Diğer taraftan, bu trendin karakteristiği incelendiğinde eylemlerin art arda gerçekleştiği, eylemler sonrası kasıtlı belirsizlik ve korku ortamı oluşturulduğu, hedeflerin ortak bir kesişim kümesinde buluştuğu, eylemlerin icra alanı itibarıyla hibrit ve bileşik bir yapıda olduğu görülmektedir. Buna bağlı olarak kullanılan araçların da hibrit bir yapıda olduğu anlaşılmaktadır.

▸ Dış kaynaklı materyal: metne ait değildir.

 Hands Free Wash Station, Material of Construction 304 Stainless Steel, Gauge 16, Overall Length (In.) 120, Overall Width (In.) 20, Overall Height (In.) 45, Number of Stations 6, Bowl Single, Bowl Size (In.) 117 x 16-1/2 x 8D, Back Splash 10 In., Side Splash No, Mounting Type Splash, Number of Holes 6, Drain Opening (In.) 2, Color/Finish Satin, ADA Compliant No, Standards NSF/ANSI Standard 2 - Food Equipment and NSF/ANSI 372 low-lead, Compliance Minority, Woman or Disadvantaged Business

İsrail’in İran’a yönelik örtülü operasyonlarında son trend dâhilinde gözlemlenen bir diğer önemli karakteristik de hedeflerin niteliği üzerinde görülmektedir. Bu kapsamda hedeflerin bir şekilde İran’ın askerî hava ve uzay kapasitesi ile ilgili olduğu anlaşılmakta hedeflerin bilhassa balistik füze, seyir füzeleri ve drone/S/İHA teknolojileri ağırlıklı olmak üzere belirlendiği değerlendirilmektir.

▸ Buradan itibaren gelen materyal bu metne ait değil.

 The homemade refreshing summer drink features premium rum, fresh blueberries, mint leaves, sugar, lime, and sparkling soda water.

İsrail’in İran içindeki bu yüksek tempolu eylemlerine karşı İran’ın reaksiyonu daha çok siber uzay ve üçüncül ülkeler bağlamında ortaya çıkmaktadır. Nitekim son günlerde Musa’nın Asası isimli İran destekli hacker grubu, İsrail enerji şirketlerine fiziksel zarar verebilecek siber saldırılar düzenlediğini duyurmuş eş zamanlı olarak Hayfa Rafinerisi’nde yangın çıktığı haberleri görülmüştür. Bununla birlikte Erbil’de İsrail dış istihbarat servisi MOSSAD yetkililerinin bulunduğu iddia edilen araçlar, kamikaze drone’larla hedef alınmış, sorumluluğu İran destekli milis gruplar üstlenmiştir.

Öte yandan iki ülkenin bölgesel seviyede tırmandırdığı gerilim nereye evrilebilir sorusunun cevabı önümüzdeki günlerde daha da netleşecektir. Ancak gerilim trendinin, Viyana müzakerelerinde yeni bir uzlaşma adımı olmadığı müddetçe devam edeceği değerlendirilmektedir.

Son gözlemlenen bölgesel gelişmeler, söz konusu gerilimin İsrail’in İran içindeki operasyonlarının temposuna ve hedeflerin önem seviyesine bağlı olarak farklı seviyelerde şiddetli sonuçlar doğurabileceğine işaret etmektedir.